In [56]:
import importer
import numpy as np
import matplotlib.pyplot as plt

# Creating a Classifier

The goal of this notebook will be to create a highly accurate classifier between MTB rides and road rides. Although this differentiation is not recorded explicitly in the dataset a field 'Activity Gear' records which bike I was riding. When I go for an MTB ride I will always use my mountain bike, the 'Roscoe 8'. Similarly, for road rides, I will always use the 'Carrera Zelos' So if the classifier can model which bike I am riding then it can model which type of ride I am doing.

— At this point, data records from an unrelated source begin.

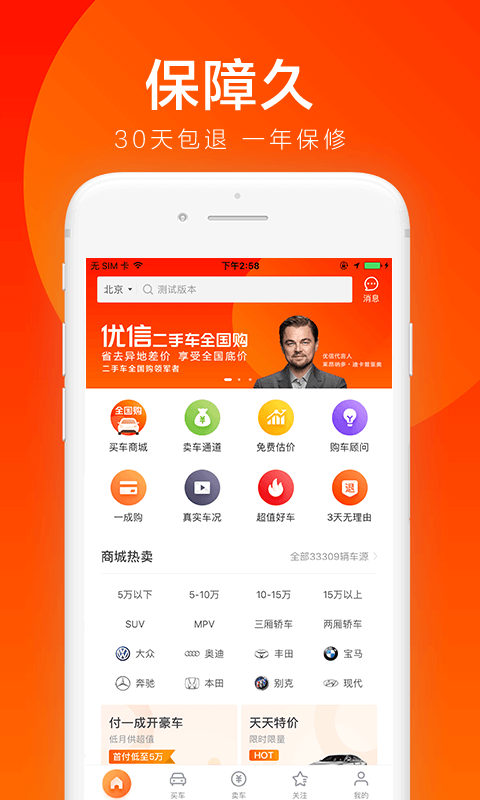 3.全新车市页帮您更清晰了解各种质保服务,现在您可以快速查看、搜索个人车源;
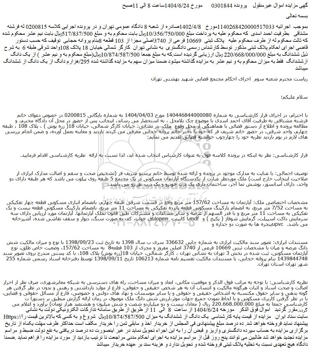 بموجب اجرائیه 1140268420000517033مورخ 1402/4/8صادره از شعبه 8 دادگاه عمومی تهران و در پرونده اجرایی کلاسه 0200815 له فرشته مشتاقی بطرفیت احمد اسدی که محکوم علیه به پرداخت مبلغ 10/356/750/000ریال بابت محکوم به و مبلغ 517/837/500ریال بابت نیم عشر محکوم شده که ثالث محکوم له از طرف محکوم علیه پلاک ثبتی 10669 فرعی از 3740اصلی مجزا از 103 قطعه 8بنام پروانه حجابی توقیف که حسب دستور قاضی اجرای احکام پلاک ثبتی مذکور توسط کارشناس رسمی دادگستری به نشانی تهران کارگر شمالی خیابان 18 پلاک 108واحد شرقی طبقه 6 به شرح ذیل ششدانگ به مبلغ 220/668/000/000 ریال ارزیابی گردیده است.که به مبلغ جمعا 10/874/587/500ریال(مبلغ محکوم به و نیم عشر ) از یک دانگ ازششدانگ فقط به میزان محکوم به و نیم عشر به مزایده گذاشته میشود ضمنا میزان سهم به مزایده گذاشته شده 295/هزارم دانگ از یک دانگ از ششدانگ میباشد
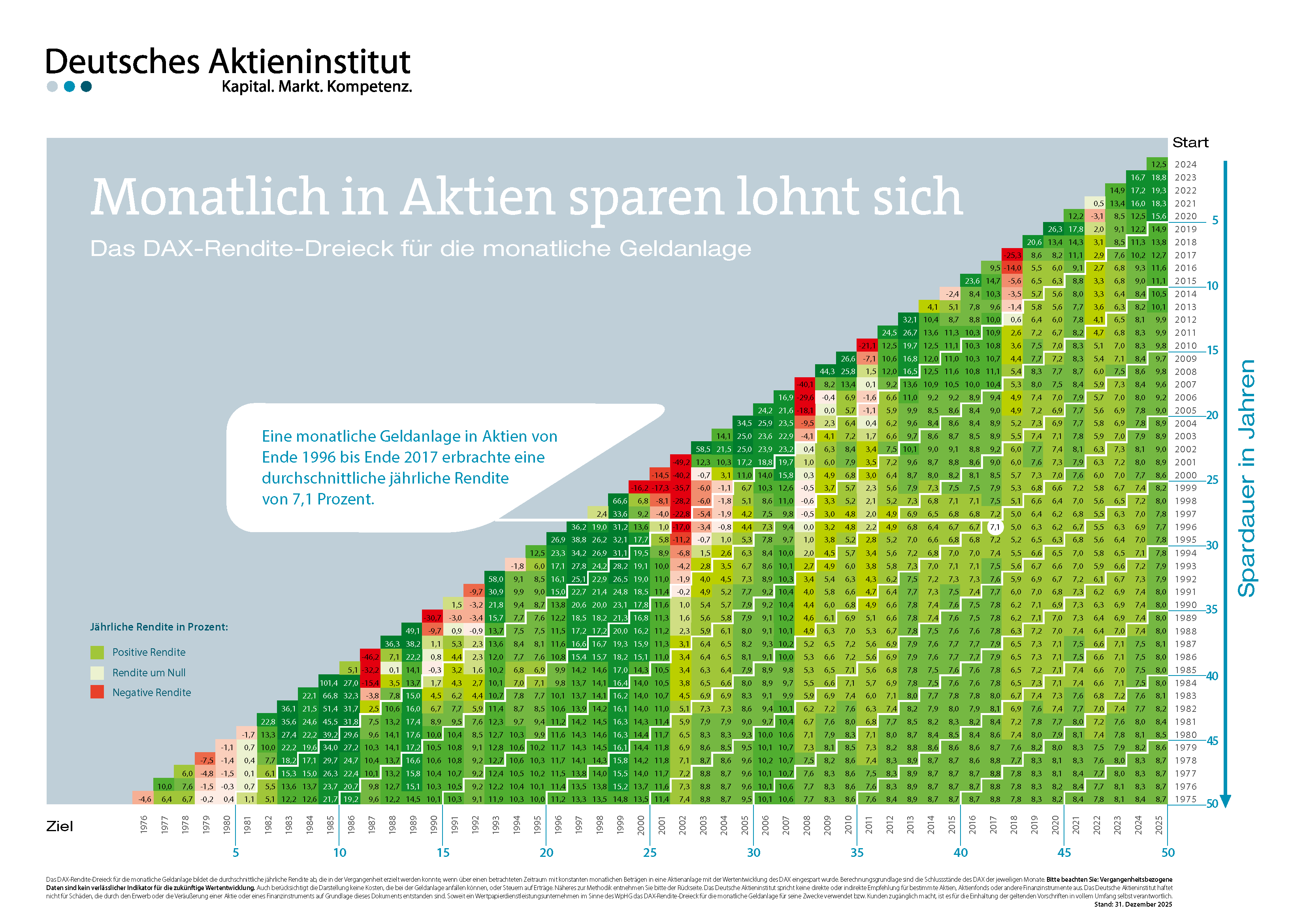 Wer einen Aktien-Sparplan einrichtet, muss verkraften können, dass regelmäßig Geld von seinem Konto in die Aktien fließt. Es ist wichtig, sich bei der Sparrate nicht zu übernehmen. Bei einigen Brokern lässt sich ein Aktien-Sparplan zum Glück schon ab einer Rate von 25 Euro einrichten.
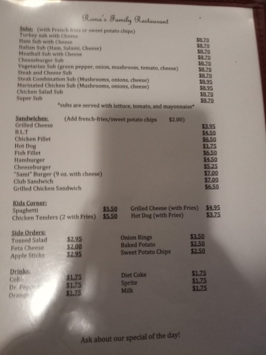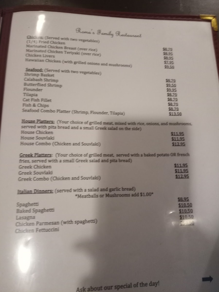 Roma's Family Restaurant offers a straightforward and comforting menu that suits a relaxed family dining experience. The menu combines classic Southern favorites with hearty Italian dishes and a touch of Greek flavors, making it a versatile choice throughout the day. Whether you’re stopping by for a fulfilling breakfast, a casual lunch, or a cozy dinner, the selection feels firmly rooted in home-cooked tradition.
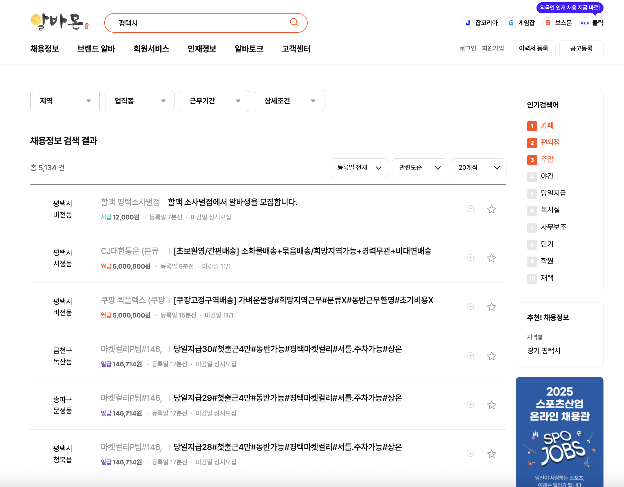 알바몬과 알바천국에서 평택시 아르바이트 채용 정보를 확인해 보겠습니다.
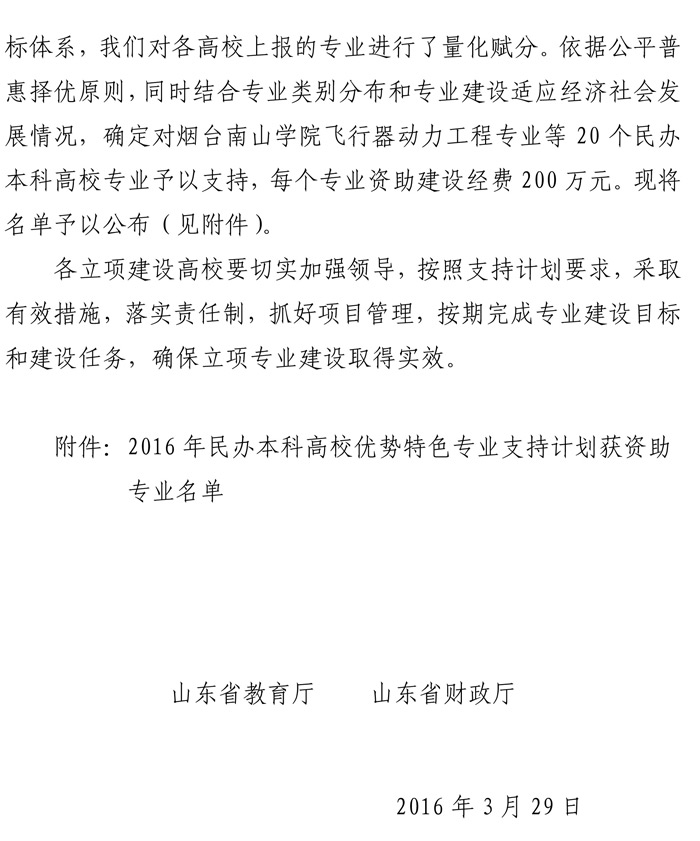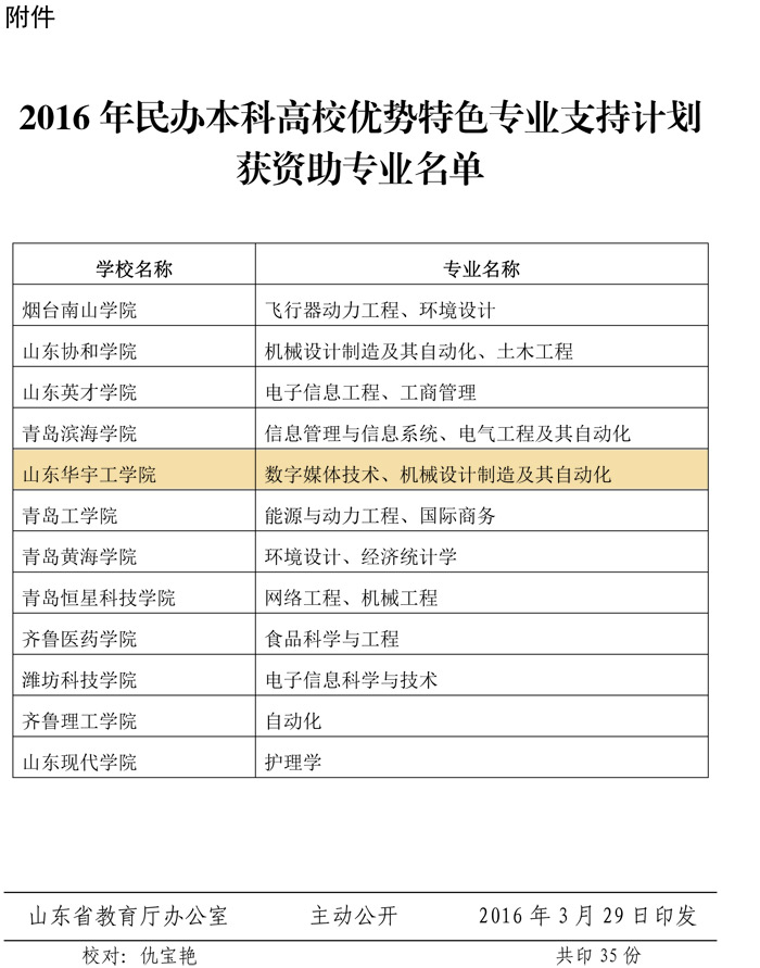 3月29日,山东省教育厅和山东省财政厅联合下发《关于公布2016年民办本科高校优势特色专业支持计划获资助专业名单的通知》(鲁教高字〔2016〕2号)文件,公司数字媒体技术、机械设计制造及其自动化2个专业名列其中,获得400万元的专项建设资金支持。
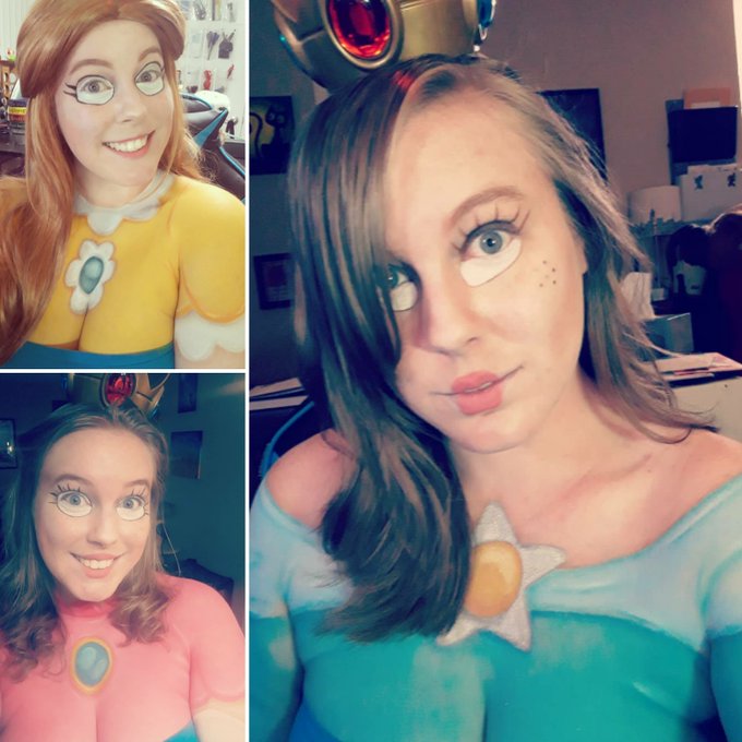 I body painted all the ladies of Mario! Peach, Daisy and Rosalina. #makeup #makeupartist #bodypaint #mua #cosplay #cosplayer #mario #nintendo #princesspeach #princessdaisy #rosalina

To achieve this goal will require a three stage approach: pre-processing, feature selection, and classification.


## Pre-processing

In the interest of brevity, all pre-processing for this dataset has been done in the importer module inside this repository. This module servers a few purposes:
- Removes all rows where there is a column containing no data.
- Allows partitioning of data
- Converts the 'Activity Date' field into the seconds from the Unix epoch

A limitation of this classifier is that it will only be able to use numerical data. This can immediately remove all attributes that are strings or booleans. We can also remove any attributes which where only recorded for a few activities.

In [59]:
data_set = importer.Data()

# Get all headers that contain numeric data
headers = []
for i in range(len(data_set.headers)):
    if data_set.types[i] != 'string' and data_set.types[i] != 'bool':
        headers.append(data_set.headers[i])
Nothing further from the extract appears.